February 3, 2020
This is a guest post from freelance nutrition writer, Amy Gorin. Read more freelance writer guest posts.
Amy Gorin, MS, RD, is a nutrition expert in the New York City area. She is a media spokesperson, nutrition expert, freelance writer and recipe developer. Follow her on Twitter at @AmyGorin, Instagram @AmyDGorin and Pinterest.
1. How did you get started freelancing? Did you start out as a writer and editor first and then get your nutrition degree?
Oh gosh, you’re making me feel old! I wrote my first freelance article back in college, probably 2003. I started freelancing as a way to gain editorial experience—I was really fortunate in that one of the very first magazine articles I wrote was for one of the inaugural issues of Women’s Health! Then, when I was working as a full-time magazine editor, I used freelancing as a way to both keep my foot in the writing game and also to earn supplemental income. Later, after I became a registered dietitian nutritionist (RDN) and started my own business, continuing with freelance writing—but more so than ever before!—was a natural transition.
2. Do you mind sharing some early rates you earned when starting out writing? How does that compare to now?

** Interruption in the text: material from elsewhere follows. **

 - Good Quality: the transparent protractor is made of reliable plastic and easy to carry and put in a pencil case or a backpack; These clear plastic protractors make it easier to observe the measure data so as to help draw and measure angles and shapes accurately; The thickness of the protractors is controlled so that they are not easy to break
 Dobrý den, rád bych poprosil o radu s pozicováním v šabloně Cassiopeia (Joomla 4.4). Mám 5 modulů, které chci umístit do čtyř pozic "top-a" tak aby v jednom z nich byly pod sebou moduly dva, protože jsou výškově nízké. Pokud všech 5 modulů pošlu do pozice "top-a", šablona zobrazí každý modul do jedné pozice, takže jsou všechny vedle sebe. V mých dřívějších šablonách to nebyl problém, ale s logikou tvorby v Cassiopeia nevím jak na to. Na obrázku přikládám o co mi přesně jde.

Rates have really changed. For one of those early magazine articles I wrote, I was paid $2 a word for a department piece. The fee was a little higher because there was a rush turnaround on it. Nowadays, everything is a rush and rates are typically a lot less for web pieces! (To get the rate you deserve, steal these negotiation tactics.)
3. When did you first consider working for yourself full time as an option? Why?

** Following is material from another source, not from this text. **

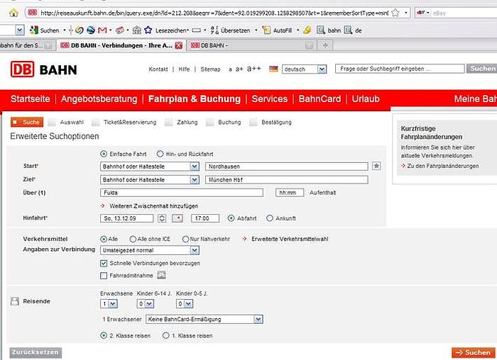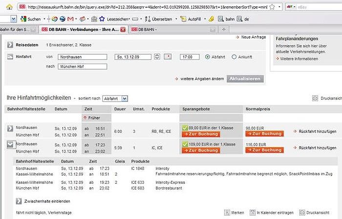 Für den 18.12.09 wird die 2. Klasse Fahrt München - Nordhausen eingegeben. Als Ergebnis kommt -wen wundert es- die Auskunft, dass diese Fahrkarten nicht mehr verfügbar seien. Stattdessen gibt es wieder ein Sparangebot der 1. Klasse, welches 109 EUR kostet. Nun heißt es wieder nachverhandeln: Die Reisenden geben anstatt Nordhausen als Reiseziel Halle (Saale) ein. Wie bei der Hinfahrt wird dem Link "weitere Angaben ändern - Aktualisieren" gefolgt.
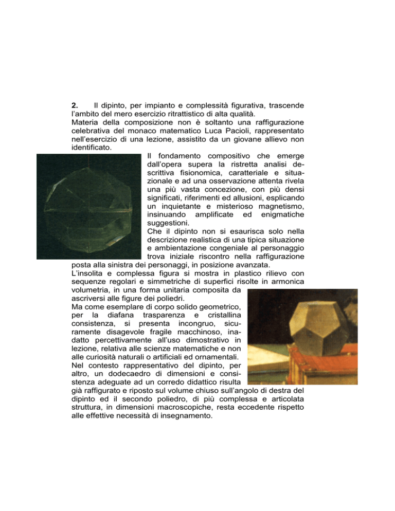 2. Il dipinto, per impianto e complessità figurativa, trascende l’ambito del mero esercizio ritrattistico di alta qualità. Materia della composizione non è soltanto una raffigurazione celebrativa del monaco matematico Luca Pacioli, rappresentato nell’esercizio di una lezione, assistito da un giovane allievo non identificato. Il fondamento compositivo che emerge dall’opera supera la ristretta analisi descrittiva fisionomica, caratteriale e situazionale e ad una osservazione attenta rivela una più vasta concezione, con più densi significati, riferimenti ed allusioni, esplicando un inquietante e misterioso magnetismo, insinuando amplificate ed enigmatiche suggestioni. Che il dipinto non si esaurisca solo nella descrizione realistica di una tipica situazione e ambientazione congeniale al personaggio trova iniziale riscontro nella raffigurazione posta alla sinistra dei personaggi, in posizione avanzata. L’insolita e complessa figura si mostra in plastico rilievo con sequenze regolari e simmetriche di superfici risolte in armonica volumetria, in una forma unitaria composita da ascriversi alle figure dei poliedri. Ma come esemplare di corpo solido geometrico, per la diafana trasparenza e cristallina consistenza, si presenta incongruo, sicuramente disagevole fragile macchinoso, inadatto percettivamente all’uso dimostrativo in lezione, relativa alle scienze matematiche e non alle curiosità naturali o artificiali ed ornamentali. Nel contesto rappresentativo del dipinto, per altro, un dodecaedro di dimensioni e consistenza adeguate ad un corredo didattico risulta già raffigurato e riposto sul volume chiuso sull’angolo di destra del dipinto ed il secondo poliedro, di più complessa e articolata struttura, in dimensioni macroscopiche, resta eccedente rispetto alle effettive necessità di insegnamento. Ad escludere una mera funzione di completamento strutturale del dipinto ed a favore di più estese implicazioni e connessioni, che attestano una rappresentazione non accessoria, icasticamente inserita come elemento figurativo ed ispirativo essenziale dell’intera elaborazione pittorica, in una concezione che trascende l’immediatezza visiva, si aggiunge la suggestione di arcana e misteriosa presenza indotta dalla sospensione in levitazione e dai bagliori di luminescenza interna e riflessi di luce esterna, che, in provenienza da un’invisibile finestra specchiata sul solido, si trasferiscono al libro aperto sulla cattedra. Anche la collocazione più avanzata in apertura della sequenza con i personaggi, in proporzione e coerenza, si pone a segnale di una tematica di una più pregnante referenzialità. Forma pura baluginante di riflessi e trasparenze, la sagoma del singolare poliedro di cristallo, che emerge con le due figure umane dalla fonda e densa oscurità, si espande in insinuante percezione subliminale, in arcana immagine onirica, in amplificata parvenza mnestica, resa assoluta e fissata in emblematico simulacro nel dipinto. In ordine all’esecuzione della struttura del solido geometrico, che appare diviso a livello mediano da una superficie orizzontale e che a luce naturale radente rivela aggiunte di materia coloristica dovute a stesure successive nel tempo di ripresa e ritocco pittorico, s’impongono ulteriori mirate indagini ed accertamenti, nella più ampia e necessaria indagine sull’intero dipinto da effettuarsi mediante tecniche strumentali. Ma aldilà dei risultati ottenibili già possono essere colte le generali referenze e implicazioni di significato inerenti alla simbologia dei poliedri regolari. Paradigmi di sintesi e perfezione formale, per la struttura costituita essenzialmente di convergente modularità, di armonia del molteplice in unità, i poliedri sono archetipi di simbologie diffuse in diverse culture e tradizioni di ogni tempo con significati e valori concordanti di perfezione nella complessità. Il dodecaedro - che nel dipinto è raffigurato sul volume richiuso poggiato sulla cattedra - è considerato in particolare come rappresentazione e immagine del cosmo, della sua realtà complessa, espressione del suo ordine normativo e strutturativo. Fondato sul numero delle suddivisioni del tempo e dello spazio, nella triplice ripartizione del quaternio di stagioni e punti cardinali, il dodecaedro è inteso come sintesi delle forze della creazione, del dinamismo di trasformazione, di transizione ed evoluzione della materia, della pulsione ed elevazione della vita allo spirito. Struttura geometrica connessa alla organizzazione spaziale nelle manifestazioni di estensione, dimensione, configurazione e consistenza, fondamenti corporei dell’esistente, delle cose, del mondo, ed espressione di simmetria, di proporzione tra parti singole ed insieme unitario, il dodecaedro è anche attuazione particolare della misura aurea o “sezione aurea”, regolatrice della proporzione euritmica, fonte di armonia e bellezza, principio ordinamentale di perfezione, di natura cosmogonica. Le valenze simboliche, mutando la relazione modulare e quella numerica nella diversa specifica strutturazione, variano da poliedro a poliedro unitamente alla definizione in volumetria e attuazione in forma. Fondamento di antichi sistemi numerativi a base vigesimale, il numero venti, che identifica la cifra modulare dell’icosaedro, nella connessione al calcolo, alla misurazione, alla progettazione, conferisce un ambito simbologicamente inverso al dodecaedro, evidenziando il procedere verso il particolare e finito, all’atto realizzativo, al perfezionamento e compimento di una opera, alla tecnica ed all’arte, all’espressione del lavoro umano. Analoghe concezioni, che, collegate al contemporaneo neoplatonismo ficiniano, risalgono alla tradizione del platonismo ed alla simbologia ermetica e misteriosofica, alla ”aritmogeometria” ed all’esoterismo matematico pitagorico, ispirano il dipinto e conferiscono chiarimento alle rap-presentazioni. Nel “De Divina Proportione”, secondo una antica

For about seven of my eight or so years as a magazine editor, I was going back to school at night to become an RDN. I suppose I was always thinking about working for myself as the end game, but I didn’t have a timeline. In fact, when I left my last full-time editor job—I had to leave because the remainder of my school was full time—I talked with my editor-in-chief about coming back to the publication after I was done with school. But when I was done, I had an itch to try my hand at working for myself and starting my own business. I figured I could always go and get a staff job if it didn’t work out. But I never looked back.

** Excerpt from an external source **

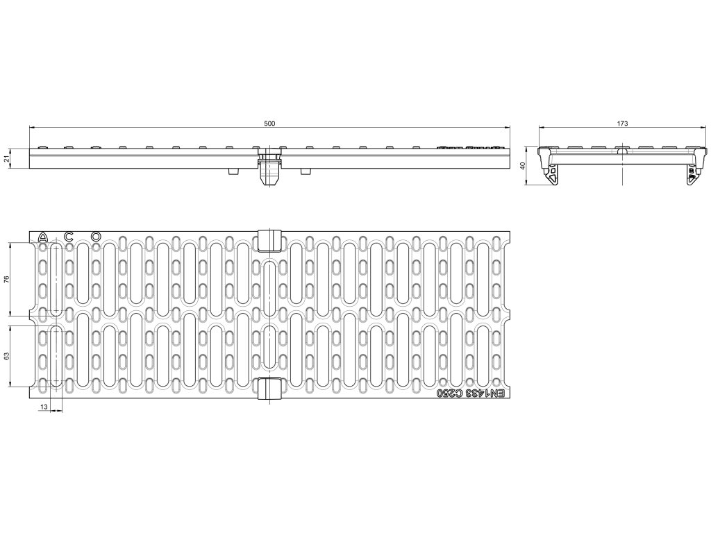 Pojezdová mříž C250 pro odvodňovací žlaby ACO XTRADRAIN X150 litinová 500 x 173 mm

4. Did you have any reservations about doing this full time?
None at all! Except I will say that freelance writing is only part of what I do. For me, it’s essential to have a mix of work—not only so I have multiple revenue sources but also so that I get my hands in lots of different types of work. I call this my “pie,” which includes freelance writing, seeing nutrition clients, consulting brands, and more.
5. Did those change? Do you still have the same fears/apprehensions or have new ones cropped up?
The first week I was out on my own, I felt so lonely. Then I quickly realized that I know so many people who are on their own like me. So I created a virtual network of “coworkers”—and often meet up in person with these people in real life—and don’t feel lonely at all!
6. What did you wish you knew about freelancing/working from home/working for yourself before you did this full time?
Read your contracts in detail before you sign them! I’m embarrassed to say that I didn’t fully digest those early contracts. Now, a good chunk of my time is spent reviewing contracts and negotiating their terms.
7. What is the most challenging part of freelancing full time and working for yourself?
I’d say it’s balancing the fun of the projects I’m working on with the necessity of the administrative side. There are so many admin tasks to complete when you run your own business, and I have to set aside time to do these tasks. (By the way, you can grow your business in just 15 minutes.)
8. What do you do to maintain a steady flow of paid freelance work?
I make a million calendar reminders! The minute I submit a story pitch or a business proposal, I put a reminder in my calendar to follow up in a few weeks. The minute I get a story assignment for an outlet, I add a calendar reminder to pitch additional story ideas. This way, there’s never a lag,
9. Is there anything else you think is the key to your success as a freelancer/small business owner?
A big part of success in any business is networking, and being successful as a freelancer and a media dietitian is no different. If I can’t take on a client or a project, I refer out to someone in my network—and work comes back to me the same way. So I make sure to not only stay in touch with my colleagues but also to attend networking events and conferences.
I even now co-run a media training e-course for health professionals to help them navigate all things in the media expert world, from landing media interviews to understanding and negotiating those confusing contracts!”